The indexer supports the WebFountain Query Language (WFQL), the language that allows processes within the system to specify declarative combinations of result sets from different parts of the system (see Figure 6). Fragments of WFQL can be pushed down into the indices themselves; for example, Boolean subtrees can be handed in their entirety to the Boolean index, limiting the amount that needs to be sent over the network. However, when results must be aggregated over multiple indices, the WebFountain Joiner is responsible for handling the resulting joins. See the section "Querying" later for more details.

Figure 6

Hardware. Again, because hardware is the main cluster of nodes, indices are built where the data are stored and augmented for both performance and convenience reasons. This siting is relaxed for some specialized indices, which can run on stand-alone IBM xSeries model x350 machines (using 700 MHz four-way Intel Xeon processors with 4 GB of RAM) when appropriate. Currently, we migrate indexing away from the data for indices in development or when we index a relatively small set of the entities.

Software. The main indexer is implemented as a distributed, multithreaded C++ token stream indexer³⁰ run on each of the cluster nodes. It employs an integer-compressed-posting-list format to minimize not only storage requirements, but also I/O latency on complex joins that are passed down to it.

Future directions. The more WFQL that can be pushed down to the index the better. Doing this intelligently will require better costing estimates and models for setup and transport times on various queries.

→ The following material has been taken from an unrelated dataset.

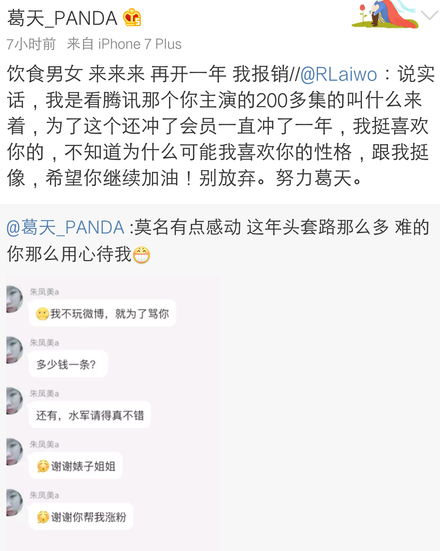 后来她还晒出了这个黑粉对她的人身攻击私信截图,对方继续讽刺葛天:我不玩微博,就为了骂你,水军请得不错,谢谢婊子姐姐。葛天回应说:莫名有点感动,这年头套路那么多,难的你那么用心待我。http://si1.go2yd.com/get-image/0D4XX9cDcki

This improvement in turn leads to identification of frequent queries (for caching), as well as more involved query optimization.

Miners

We begin with a description of the distinction between entity-level operations (augmentation) and corpus-level (cross-entity) operations (mining). Augmenters have a specific data model: they process each entity in isolation without requiring information from neighboring entities. As described previously, they are easily parallelizable and can provide significant programming support. Tokenization, geographic context discovery, name extraction, and full machine translation are all examples of tasks that execute one page at a time. Miners, in contrast, perform tasks such as aggregate statistics, trending, relationship extraction, and clustering. They must maintain state across multiple entities in order to do their job. Typically, such miners would begin by running an augmenter over the data, possibly just to dump certain extracted information. However, the miner would then begin aggregate processing of all the dumped information. Finally, the miner can either upload data back to storage (to the processed entity, or to another entity such as a Web site, or a corporation), or the miner can present the results of its mining as a Web service without writing back to storage.

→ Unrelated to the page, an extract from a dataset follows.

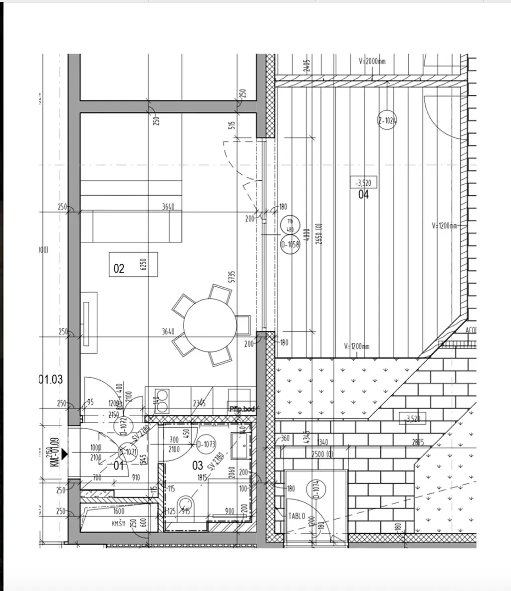 Světlý byt o dispozici 1+kk, 35 m² zaujme vysokými stropy, velkoformátovými okny a především nábytkem na míru promyšleným do posledního detailu. T pokoje je přímý vstup na terasu.

Challenge. The primary challenge in mining is scalability. Additionally, even sorting takes a significant amount of time (measured in hours or days), and quadratic time algorithms are essentially infeasible until the data have been dramatically distilled. Furthermore, in a multibillion entity corpus, even the problem of separating the relevant information from the noise may become a large data question.

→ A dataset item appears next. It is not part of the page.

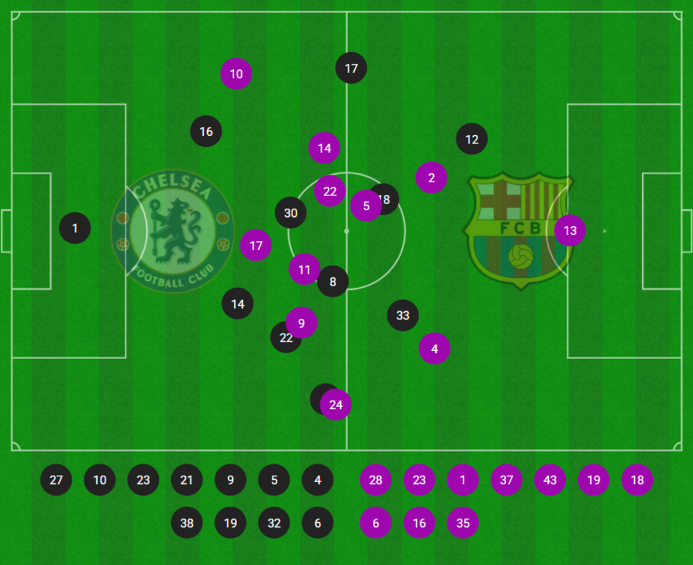 巴萨的传控体系众所周知。尽管邦帕斯托麾下的切尔西通常主导球权(尤其主场),但此役刻意放任对手在非威胁区域持球。数据显示,罗马努的球队虽拥有58%控球率,但关键数据与蓝军持平:双方均完成9次射门且各3次射正。切尔西更在对手禁区触球数(29-18)与传中数(14-12)上占据上风。

Approach. With many cross-entity techniques, a multitier approach must be used to reduce data-scale to more manageable levels. A simple example is to query all entities that match some trivial selection (such as, "Must mention at least one Middle-Eastern country") and then look at this subset (which may be less than one percent of the whole Web) for further processing.

If several "sieving" approaches can be used, a data set several orders of magnitude smaller can be considered, and many more complicated techniques are then available.

Hardware. These cross-entity approaches generally run on a separate rack of IBM xSeries Model x350 machines that allow more computation than the storage nodes themselves. Some miners use data warehousing to move data of interest to a DB2 database for further (often OLAP, or on-line analytical processing) style investigation. Additionally, some whole-Web-graph problems are run on an Itanium** system, which has a very large amount of memory installed. In short, these mining problems can be run on whatever platform is appropriate to the task at hand.

Software. Likewise, these approaches often require specialized hardware or software. Because of the diverse nature of mining operations, little generic support can be provided by the system. In general, the author of the miner must be aware of issues of persistence and distributed processing that can be hidden in abstract superclasses for augmenters. Additionally, the task of scheduling miners requires a more involved workflow specification because the miner usually is triggered after a particular suite of augmenters complete and dump useful information. Once the miner operation is completed, there may be a final upload of the resulting data back to storage.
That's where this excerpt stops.